Mesmo nascido em uma família real, D. Pedro mantinha negócios paralelos, que não combinavam com a função de Imperador. Na juventude, D. João VI, seu pai, o repreendeu ao descobrir que comprava cavalos comuns no Rio de Janeiro, marcava-os com o selo da Fazenda Real de Santa Cruz e os revendia por um preço muito maior para as pessoas que queriam ostentar proximidade com a corte. D. Pedro se dedicava a outras atividades lucrativas, como a fabricação de cachaça que era comercializada nos botequins cariocas; arrendava os pastos da Real Fazenda para descanso do gado que descia de Minas Gerais para o Rio de Janeiro; e seus escravos cortavam o capim da fazenda e vendiam pelas ruas da cidade.
Pedro se assemelhava à mãe, Carlota Joaquina, era impaciente com as regras e restrições do cerimonial da corte. Adorava cavalgar e disputar corridas de carruagens. Gostava de jogatina, mas era mau perdedor. Mas seu espírito indomável acabava abatido apenas pelos ataques de epilepsia, doença esta que faz a pessoa perder os sentidos e se debater em convulsões.
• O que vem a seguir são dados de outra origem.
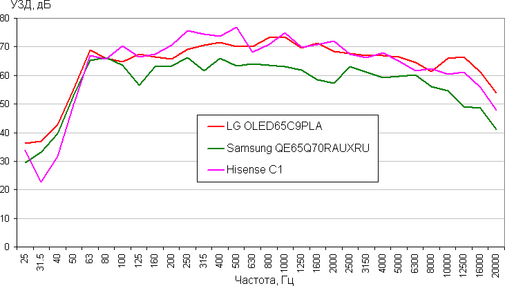 Встроенные громкоговорители громкие (82 дБА согласно замерам), паразитных резонансов в явном виде нет, звук достаточно приятный, долго и громко слушать музыку с их помощью можно. Стереофонический эффект присутствует. В целом качество для встроенных источников звука очень хорошее. Сравним АЧХ этого проектора с АЧХ двух телевизоров (АЧХ получена с помощью шумомера при воспроизведении звукового файла с розовым шумом, замер УЗД в интервалах по 1/3 октав):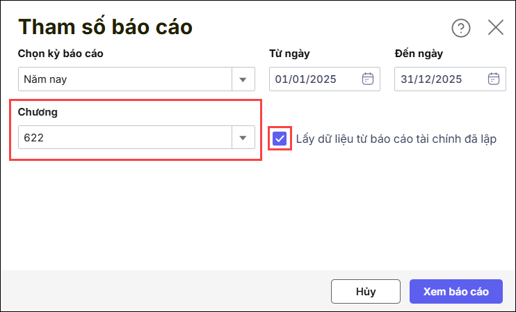 - Chọn năm, chương, chọn báo cáo cần lập. Tích Đồng ý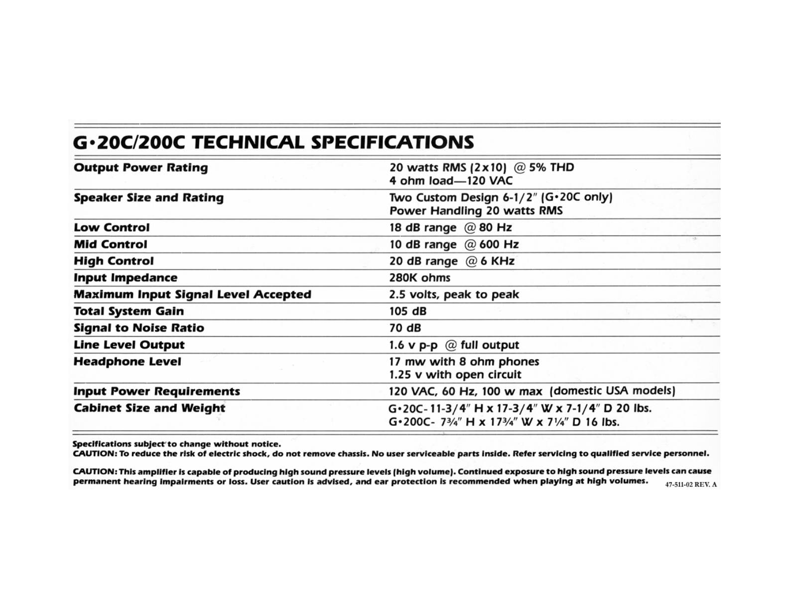 Crate Amplifiers G200C Users Manual
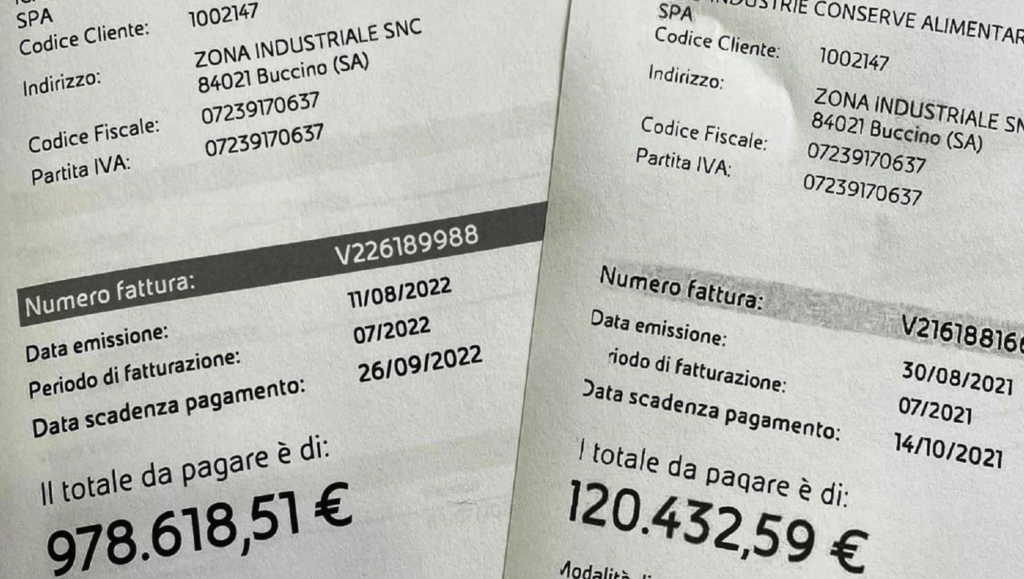 Ci troviamo in provincia di Salerno e Francesco Francese, CEO de La Fiammante, ha pubblicato sul profilo social due bollette relative a luglio 2021 e luglio 2022: la prima di 120mila euro, la seconda quasi di 1 milione!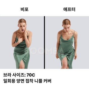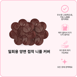 세계 최초 일회용 양면 접착 니플 커버 커버로 한 쪽은 옷에 부착, 다른 한 쪽은 피부에 부착되도록 디자인된 제품입니다. 옷을 입어도 티나지 않게 유지할 수 있습니다.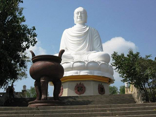 一座中國式佛寺,建筑上的龍形馬賽克是由琉璃和陶瓷瓦片裝飾而成的。這座塔寺始建于19世紀(jì),至今寺中還住著和尚。在寺后的山上,有一尊全鎮(zhèn)都看得見的巨大的石觀音雕像。從山上可以俯瞰整個芽莊市區(qū)和海濱。山下東面北面的椰林茂密。風(fēng)光自然而原始,夕陽之下越益迷人。

Cartas e bilhetes escritos por D. Pedro e ainda preservados, revelam que tinha domínio precário sobre a língua portuguesa, há erros de ortografia, concordância e falta de pontuação. Tudo isso contribuiu para que D. Pedro passasse para a História, como um soberano iletrado e sem educação. Mas há certa inverdade neste fato, pois era inteligente e voluntarioso, de uma assombrosa versatilidade, instintivo, decidido, corajoso e suas leituras incluíram obras de propagadores de ideias políticas do começo do século XIX, além de ter lido obras de Voltaire, pai da Revolução Francesa. D. Pedro foi educado por cinco Padres Jesuítas, estudou latim, francês e inglês. A obra musical de D. Pedro I ainda hoje surpreende os especialistas, com destaque para os acordes que compôs para o Hino da Independência, isso devido principalmente a uma educação esmerada, que inclui a participação de maestros e compositores.
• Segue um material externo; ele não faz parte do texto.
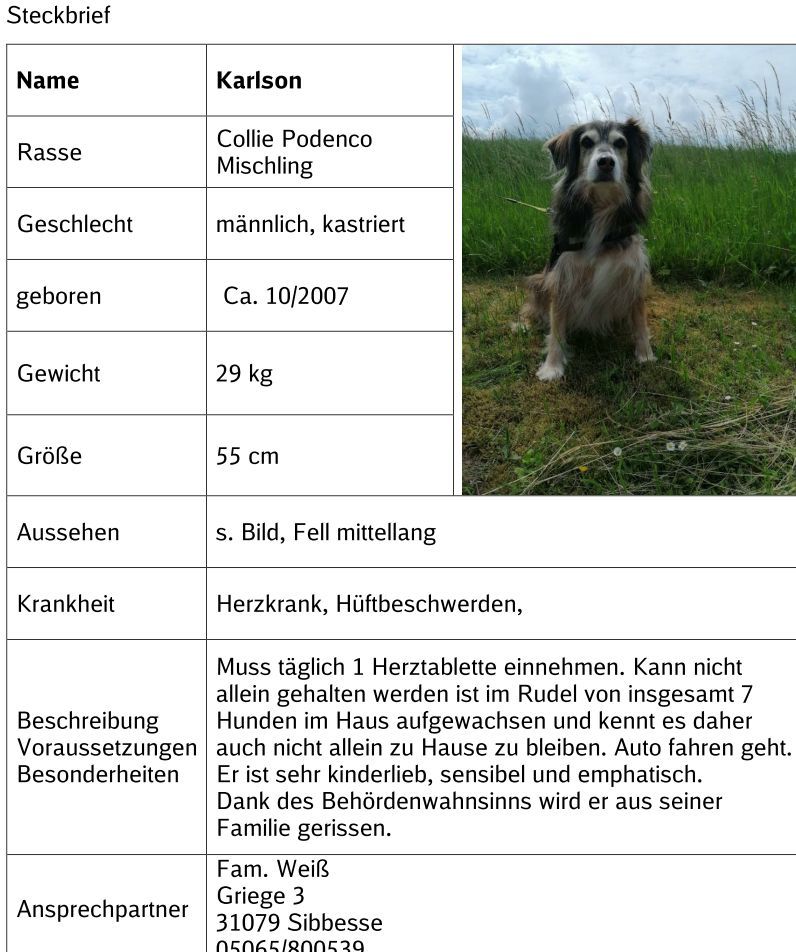 Karlson sucht ein neues Zuhause. Bitte beachten Sie den Steckbrief. (Wird größer angezeigt, wenn man draufklickt)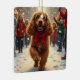 A joyful Christmas parade scene featuring a Cocker Spaniel in festive attire. This cheerful painting captures the energy and excitement of holiday celebrations, perfect for seasonal home décor.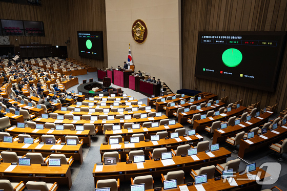 21일 서울 여의도 국회에서 열린 제433회 국회(임시회) 제2차 본회의에서 중대범죄수사청 조직 및 운영에 관한 법률안(대안)이 재석 167인 중 찬성 166인, 반대 1인으로 가결되고 있다. 2026.3.21 © 뉴스1 유승관 기자

A vida privada de D. Pedro foi intensa e tumultuada. Embora não bebesse, gostava de farras, noitadas, amigos de má reputação e em especial, das mulheres. Seu principal parceiro nas aventuras públicas e privadas foi o português Francisco Gomes da Silva, o “Chalaça”, um dos personagens mais memoráveis da história brasileira, este, era dono de várias casas noturnas no centro da cidade, frequentadas por prostitutas, vagabundos e marinheiros.”Chalaça” se tornou o alcoviteiro do príncipe nas suas escapadas sexuais, depois que o defendeu em uma briga de bar, se tornando o grande amigo de D. Pedro.
Nos dois casamentos oficiais, D. Pedro teve oito filhos, sete com Leopoldina e um com Amélia. Fora do casamento o número é lendário, com alguns cronistas lhe atribuindo mais de 120 rebentos ilegítimos. A lista conhecida dos bastardos inclui quatro com Domitila de Castro Canto e Melo a marquesa de Santos, um com a irmã da marquesa, uma com uma bailarina, um com uma francesa casada, um com a sobrinha de um dos amantes de sua mãe, Carlota Joaquina, e mais um, o último, nascido em 1832, já depois da abdicação do trono brasileiro, com uma freira.
Pedro ao morrer, em 24 de setembro de 1834, duas semanas antes de completar 36 anos, deixou como sucessores dois soberanos em cada margem do Atlântico. Em Portugal, a filha mais velha Maria da Glória foi coroada com o nome de D. Maria II, e no Brasil, o filho Pedro de Alcântara, que assumiu o trono em 1841 como D. Pedro II.